● **What to produce**: Which lines have the string "latter"? Copy all of them from the entries below.

● **Data supplied**:
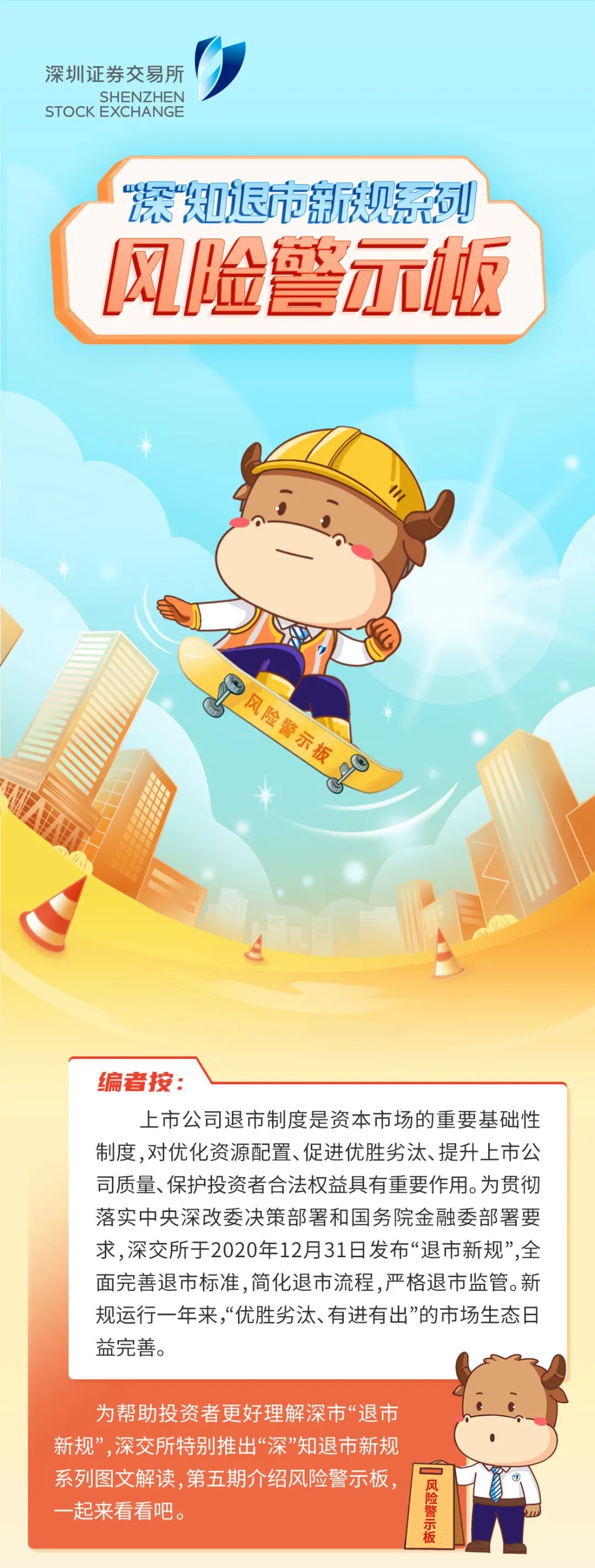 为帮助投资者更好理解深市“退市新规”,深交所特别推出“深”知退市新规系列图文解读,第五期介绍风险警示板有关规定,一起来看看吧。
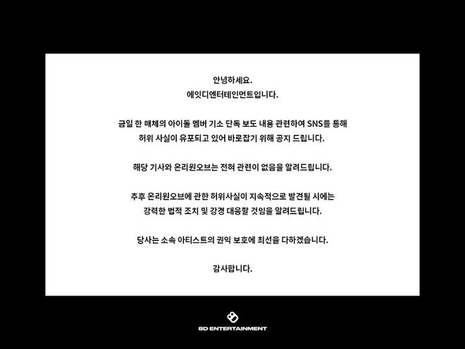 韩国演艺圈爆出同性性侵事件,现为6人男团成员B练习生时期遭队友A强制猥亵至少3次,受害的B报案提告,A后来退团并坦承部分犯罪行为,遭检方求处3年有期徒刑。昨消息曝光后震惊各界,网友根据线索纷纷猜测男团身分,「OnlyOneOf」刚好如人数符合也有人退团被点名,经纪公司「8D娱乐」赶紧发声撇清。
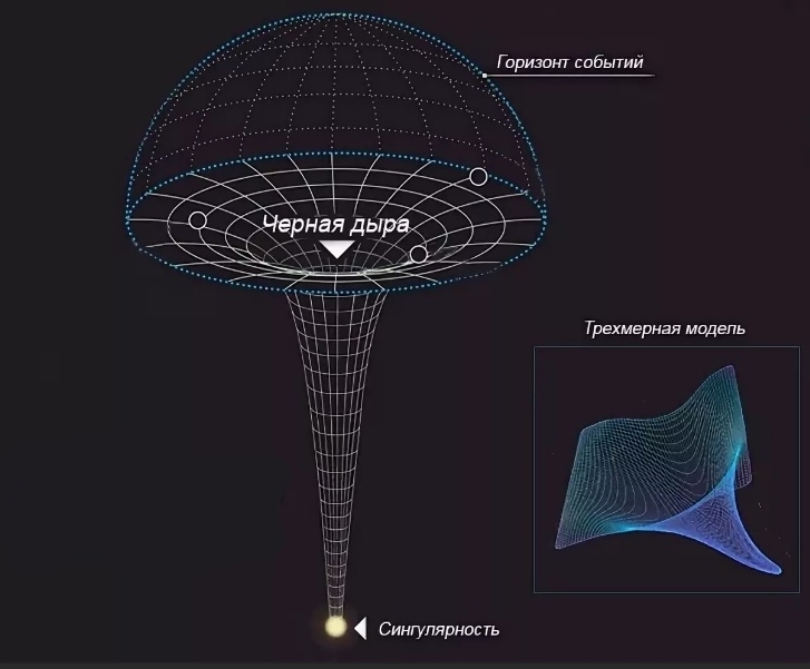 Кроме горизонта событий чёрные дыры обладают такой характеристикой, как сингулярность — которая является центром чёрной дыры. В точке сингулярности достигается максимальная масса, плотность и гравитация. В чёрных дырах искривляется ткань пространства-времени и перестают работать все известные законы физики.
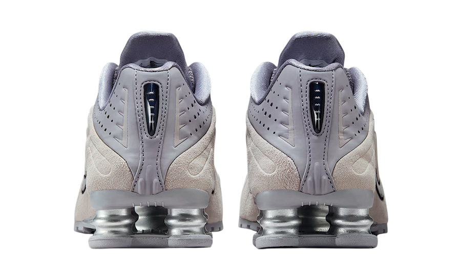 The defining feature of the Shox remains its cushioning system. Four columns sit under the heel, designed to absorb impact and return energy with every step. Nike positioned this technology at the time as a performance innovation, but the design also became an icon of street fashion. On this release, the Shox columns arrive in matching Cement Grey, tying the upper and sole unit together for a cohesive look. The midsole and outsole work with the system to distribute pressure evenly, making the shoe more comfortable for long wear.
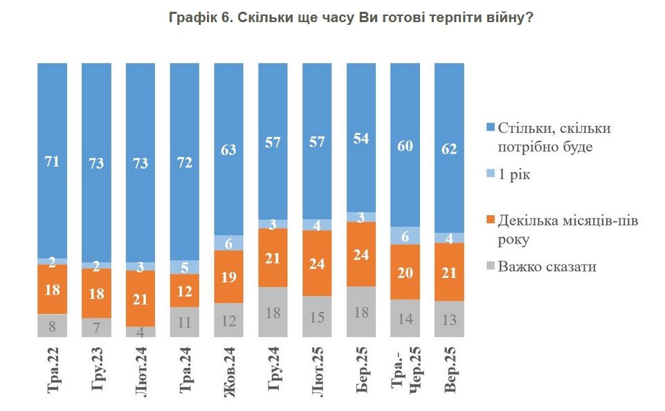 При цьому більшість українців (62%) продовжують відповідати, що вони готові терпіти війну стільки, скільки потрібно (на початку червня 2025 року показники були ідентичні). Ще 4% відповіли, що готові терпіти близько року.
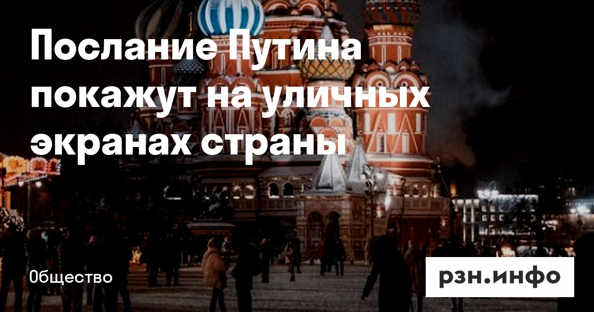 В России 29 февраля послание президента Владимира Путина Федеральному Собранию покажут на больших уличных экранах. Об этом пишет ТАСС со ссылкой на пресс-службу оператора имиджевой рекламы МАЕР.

---

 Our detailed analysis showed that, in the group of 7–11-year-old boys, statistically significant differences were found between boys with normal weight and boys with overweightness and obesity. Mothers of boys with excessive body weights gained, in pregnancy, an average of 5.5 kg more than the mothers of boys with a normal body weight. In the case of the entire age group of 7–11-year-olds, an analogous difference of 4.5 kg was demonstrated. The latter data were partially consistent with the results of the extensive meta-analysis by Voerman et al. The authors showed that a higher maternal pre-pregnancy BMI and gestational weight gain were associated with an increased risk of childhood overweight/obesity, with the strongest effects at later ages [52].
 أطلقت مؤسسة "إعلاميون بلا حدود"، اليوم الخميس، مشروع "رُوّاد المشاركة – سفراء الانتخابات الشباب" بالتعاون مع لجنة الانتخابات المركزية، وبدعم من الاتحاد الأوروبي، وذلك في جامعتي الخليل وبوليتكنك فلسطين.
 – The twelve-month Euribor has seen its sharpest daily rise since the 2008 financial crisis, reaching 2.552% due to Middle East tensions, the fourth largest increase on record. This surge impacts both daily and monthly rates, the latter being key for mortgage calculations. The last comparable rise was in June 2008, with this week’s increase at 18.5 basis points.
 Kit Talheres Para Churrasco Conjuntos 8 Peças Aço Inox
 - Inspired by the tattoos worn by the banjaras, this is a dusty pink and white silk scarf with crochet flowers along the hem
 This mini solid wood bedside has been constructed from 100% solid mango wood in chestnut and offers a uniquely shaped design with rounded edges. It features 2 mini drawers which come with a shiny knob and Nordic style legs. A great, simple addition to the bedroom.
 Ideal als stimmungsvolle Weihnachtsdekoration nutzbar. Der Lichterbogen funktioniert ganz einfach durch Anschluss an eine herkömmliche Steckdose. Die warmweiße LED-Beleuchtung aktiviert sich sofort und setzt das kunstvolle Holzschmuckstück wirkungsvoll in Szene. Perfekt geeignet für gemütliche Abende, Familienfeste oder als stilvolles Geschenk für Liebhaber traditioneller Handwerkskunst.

--

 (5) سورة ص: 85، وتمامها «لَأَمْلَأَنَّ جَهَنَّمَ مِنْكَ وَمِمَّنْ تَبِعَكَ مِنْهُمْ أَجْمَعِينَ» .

● **Output**:
 Our detailed analysis showed that, in the group of 7–11-year-old boys, statistically significant differences were found between boys with normal weight and boys with overweightness and obesity. Mothers of boys with excessive body weights gained, in pregnancy, an average of 5.5 kg more than the mothers of boys with a normal body weight. In the case of the entire age group of 7–11-year-olds, an analogous difference of 4.5 kg was demonstrated. The latter data were partially consistent with the results of the extensive meta-analysis by Voerman et al. The authors showed that a higher maternal pre-pregnancy BMI and gestational weight gain were associated with an increased risk of childhood overweight/obesity, with the strongest effects at later ages [52].
 – The twelve-month Euribor has seen its sharpest daily rise since the 2008 financial crisis, reaching 2.552% due to Middle East tensions, the fourth largest increase on record. This surge impacts both daily and monthly rates, the latter being key for mortgage calculations. The last comparable rise was in June 2008, with this week’s increase at 18.5 basis points.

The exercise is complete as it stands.